According to different ways of response, human behavior is usually divided into 3 categories. This classification is commonly known as skill-based, rule-based and knowledge-based (SRK) framework [31]. Skill-based behavior is assumed to be highly integrated patterns of behavior. Since the operator is so familiar with the situations, human behavior takes place without conscious attention. Rule-based behavior refers to executing routine tasks according to regulations strictly. This type of behavior is typically controlled by a stored procedure. During unfamiliar situations, no procedures are available, and human behavior is considered as knowledge-based. The operator has to rely upon their knowledge to make decisions and deal with the operation task.

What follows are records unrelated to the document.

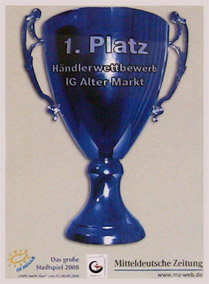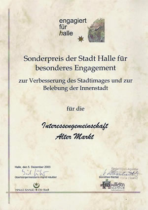 Unsere IG Alter Markt wurde 2003 mit dem Sonderpreis der Stadt Halle für besonderes Engagement ausgezeichnet.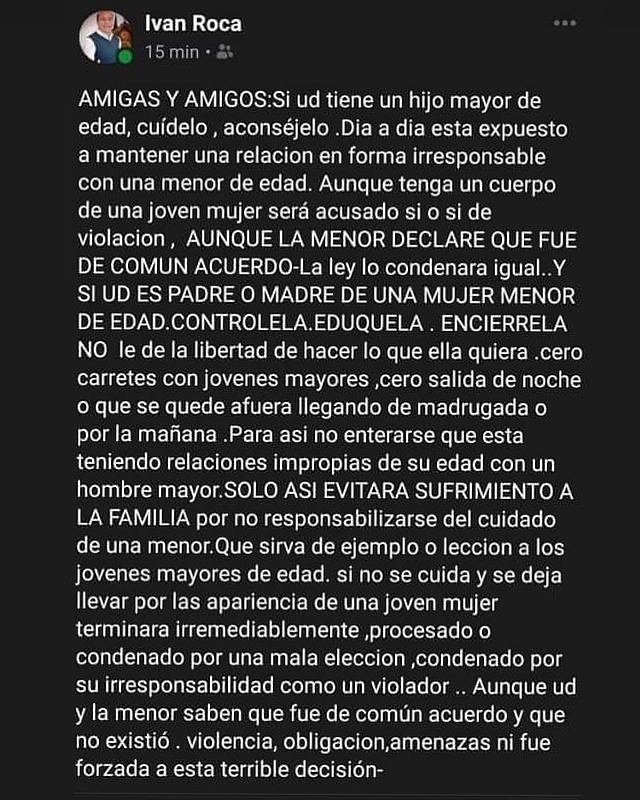 Dos días después de conocida la decisión, el edil escribió: “Si usted tiene un hijo mayor, edúquelo, aconséjelo. Día a día está expuesto a mantener una relación en forma irresponsable con una menor de edad. Aunque tenga el cuerpo de una joven mujer será sí o sí acusado de violación. Aunque la menor declare que fue de común acuerdo, la ley condenará igual”.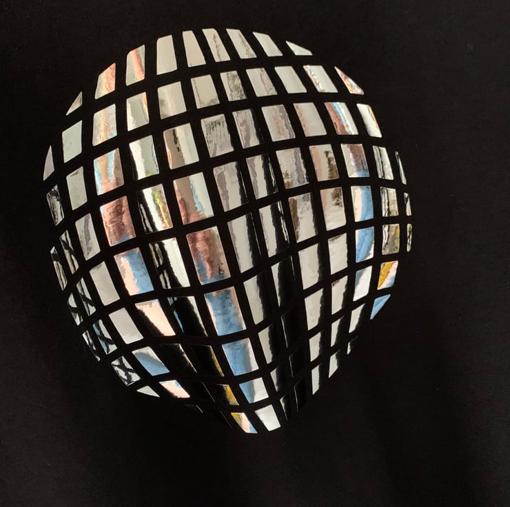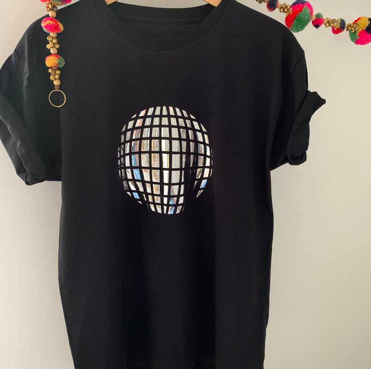 Silver Shiney glitter ball design on a relaxed fit tshirt.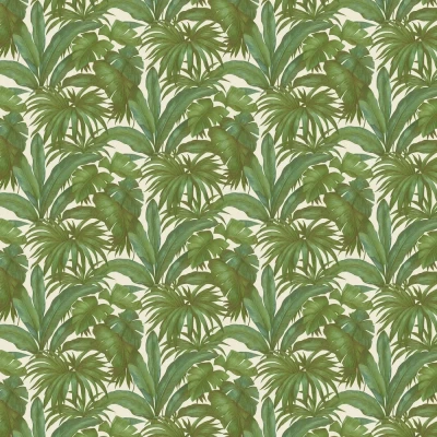 A highly textured vinyl of large, lush jungle leaves bringing an exotic flavour to your walls. Shown here in green on white. Other colour ways available. A wide width and paste the wall product.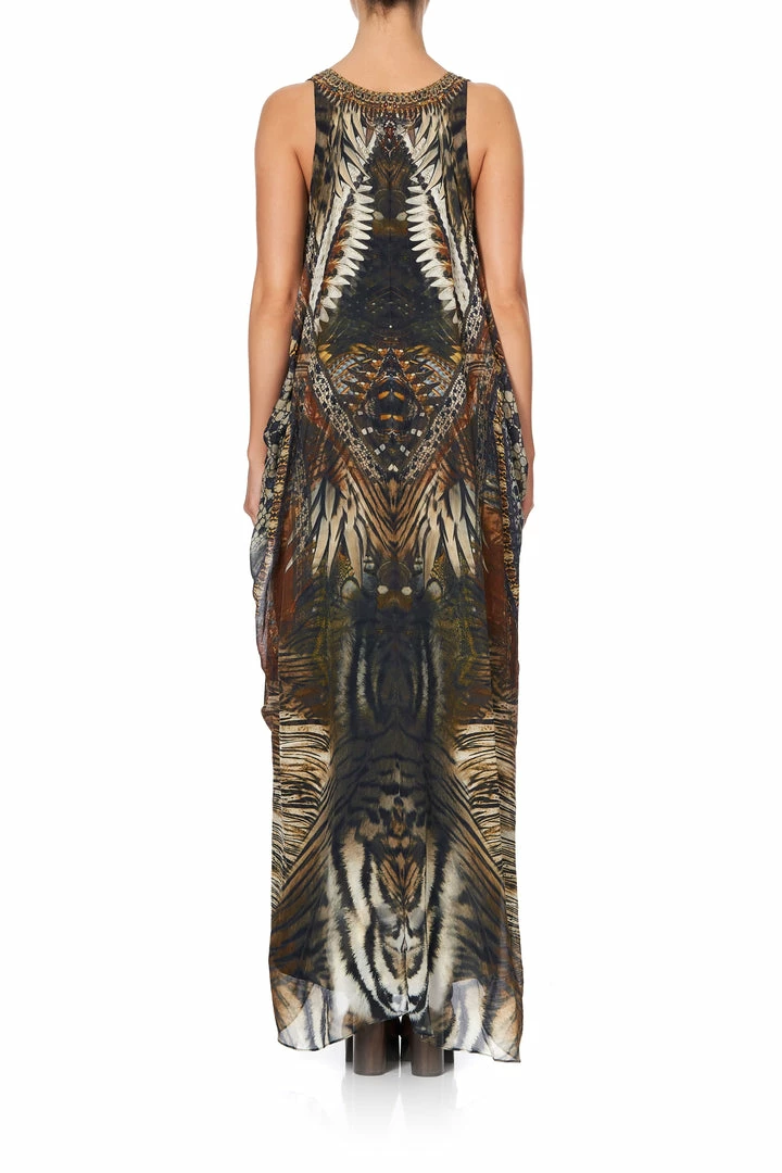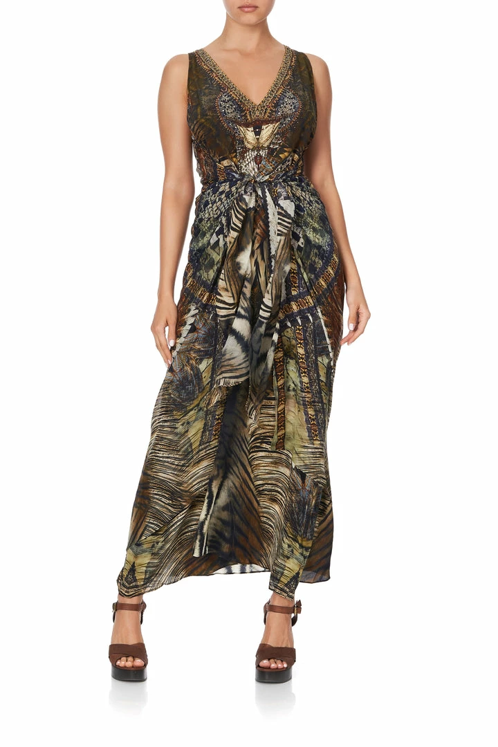Embracing Australiana, the Kakadu Calling Tie Front Multi Wear Dress unveils a scenic hand-painted print. This silk maxi dress features wide straps and silk-chiffon tie-front panels for a multitude of creative styling opportunities, as well as as well as hand-placed crystal along the neckline.

It is not hard to find that human errors are more likely to occur in knowledge-based situations and less likely to occur in skill-based situations. According to survey results [30], it is recognized that once the operation task, scenario and operators are determined, human error probability is only related to the ratio of operation allowable time (t) and operation execution time (T 1/2). The relationship could be expressed with Weibull distribution function with 3 parameters, which is shown in (11).
$$P(t) = \exp \left[ { - \left( {\frac{{t/T_{1/2} - \gamma }}{\alpha }} \right)^{\beta } } \right]$$
(11)
where P(t) is the probability of human error; α, β, γ are dimension, shape and location parameters, and their values are determined by operation category [32], shown in Table 7; t is the operation allowable time which is determined by power system characteristic; T 1/2 is the operation execution time which could be obtained by (12).
Table 7

Values of α, β, γ in different operation categories

Operation category

α

β

γ

Skill-based

0.407

1.2

0.7

Rule-based

0.601

0.9

0.6

Knowledge-based

0.791

0.8

0.5

$$T_{1/2} = T_{1/2,n} (1 + K_{1} )(1 + K_{2} )(1 + K_{3} )$$
(12)
where T 1/2,n is the average execution time in regular situation, which could be obtained according to the statistics; K 1, K 2, K 3 are the adjustment coefficients to execution time from aspects of training, operator mental state and operation support.
For example, when line protection channel fault occurs, main protection should quit operation manually. This process is supposed to be finished within 8 minutes. Through investigation we find that the average time to finish the job is about 5 minutes, and it depends on operators. Operator A has experience in dealing with such situations, while Operator B is inexperienced, and should follow the regulations to finish the job. The parameters could be defined as Table 8.
Table 8

Parameters values for different operators

Operator

α

β

γ

K 1

K 2

K 3

H EP

A

0.407

1.2

0.7

−0.12

0

−0.22

0.005

B

0.601

0.9

0.6

0.28

0.28

−0.22

0.341

From Table 8, we can see that Operator A might fail to finish the operation with a probability of 0.005, while the probability is 0.341 for Operator B. Through analysis we can conclude that when facing with emergency situations, experience, operation time and psychological state will affect human operation a lot. High quality is an essential way to enhance human reliability in emergency conditions.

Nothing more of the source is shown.